1 files changed, 94 insertions, 0 deletions

diff --git a/source/know/concept/hermite-polynomials/index.md b/source/know/concept/hermite-polynomials/index.md
new file mode 100644
index 0000000..17e61df
--- /dev/null
+++ b/source/know/concept/hermite-polynomials/index.md
@@ -0,0 +1,94 @@
+---
+title: "Hermite polynomials"
+date: 2021-09-08
+categories:
+- Mathematics
+- Statistics
+layout: "concept"
+---
+
+The **Hermite polynomials** are a set of functions
+that appear in physics and statistics,
+although slightly different definitions are used in those fields.
+
+
+## Physicists' definition
+
+The **Hermite equation** is an eigenvalue problem for $n$,
+and the Hermite polynomials $H_n(x)$ are its eigenfunctions $u(x)$,
+subject to the boundary condition that $u$ grows at most polynomially,
+in which case the eigenvalues $n$ are non-negative integers:
+
+$$\begin{aligned}
+    \boxed{
+        u'' - 2 x u' + 2 n u = 0
+    }
+\end{aligned}$$
+
+The $n$th-order Hermite polynomial $H_n(x)$
+is therefore as follows, according to physicists:
+
+$$\begin{aligned}
+    H_n(x)
+    &= (-1)^n \exp(x^2) \dvn{n}{}{x}\exp(- x^2)
+    \\
+    &= \Big( 2 x - \dv{}{x}\Big)^n 1
+\end{aligned}$$
+
+This form is known as a *Rodrigues' formula*.

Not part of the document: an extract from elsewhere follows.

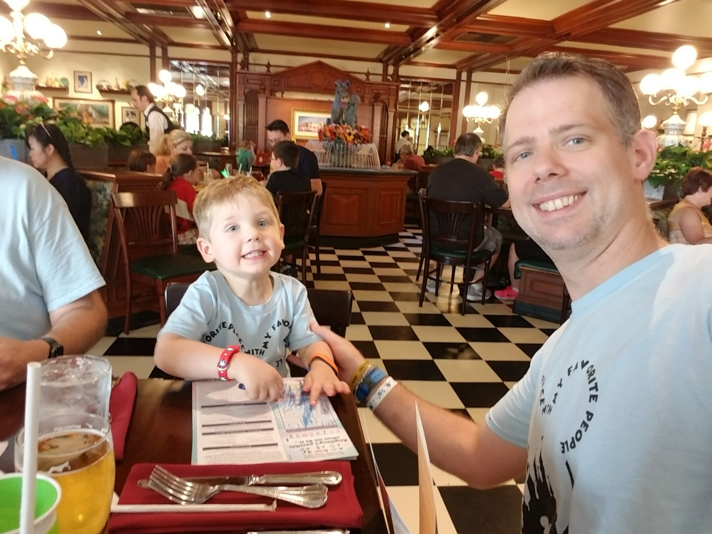 12:10PM ADR at Tony’s Town Square Restaurant with parade VIP package. They wouldn’t seat us until everyone was present, which was annoying because DW had taken DS3 to the bathroom, and wasn’t back for 10 minutes. The bathroom was literally 10 feet from the host stand. I think this policy is ridiculous. It wasn’t a big deal though, because we had plenty of time to eat before the parade at 2. While waiting, I got a DAS return time to meet Tinkerbell next door. We had a great lunch. All the food was delicious, and the plates were enormous. We could easily have shared meals. Cannoli for dessert, my favorite. Allergen menu: full printed version provided at table

+The first handful of Hermite polynomials are:
+
+$$\begin{gathered}
+    H_0(x) = 1
+    \qquad \quad
+    H_1(x) = 2 x
+    \qquad \quad
+    H_2(x) = 4 x^2 - 2
+    \\
+    H_3(x) = 8 x^3 - 12 x
+    \qquad \quad
+    H_4(x) = 16 x^4 - 48 x^2 + 12
+\end{gathered}$$
+
+And then more $H_n$ can be computed quickly
+using the following recurrence relation:
+
+$$\begin{aligned}
+    \boxed{
+        H_{n + 1}(x) = 2 x H_n(x) - 2n H_{n-1}(x)
+    }
+\end{aligned}$$
+
+They (almost) form an *Appell sequence*,
+meaning their derivatives are like so:
+
+$$\begin{aligned}
+    \boxed{
+        \dvn{k}{}{x}H_n(x)
+        = 2^k \frac{n!}{(n - k)!} H_{n - k}(x)
+    }
+\end{aligned}$$
+
+Importantly, all $H_n$ are orthogonal with respect to the weight function $w(x) \equiv \exp(- x^2)$:
+
+$$\begin{aligned}
+    \boxed{
+        \Inprod{H_n}{w H_m}
+        \equiv \int_{-\infty}^\infty H_n(x) \: H_m(x) \: w(x) \dd{x}
+        = \sqrt{\pi} 2^n n! \: \delta_{nm}
+    }
+\end{aligned}$$
+
+Where $\delta_{nm}$ is the Kronecker delta.
+Finally, they form a basis in the [Hilbert space](/know/concept/hilbert-space/)
+of all functions $f(x)$ for which $\Inprod{f}{w f}$ is finite.
+This means that every such $f$ can be expanded in $H_n$:
+
+$$\begin{aligned}
+    \boxed{
+        f(x)
+        = \sum_{n = 0}^\infty a_n H_n(x)
+        = \sum_{n = 0}^\infty \frac{\Inprod{H_n}{w f}}{\Inprod{H_n}{w H_n}} H_n(x)
+    }
+\end{aligned}$$
+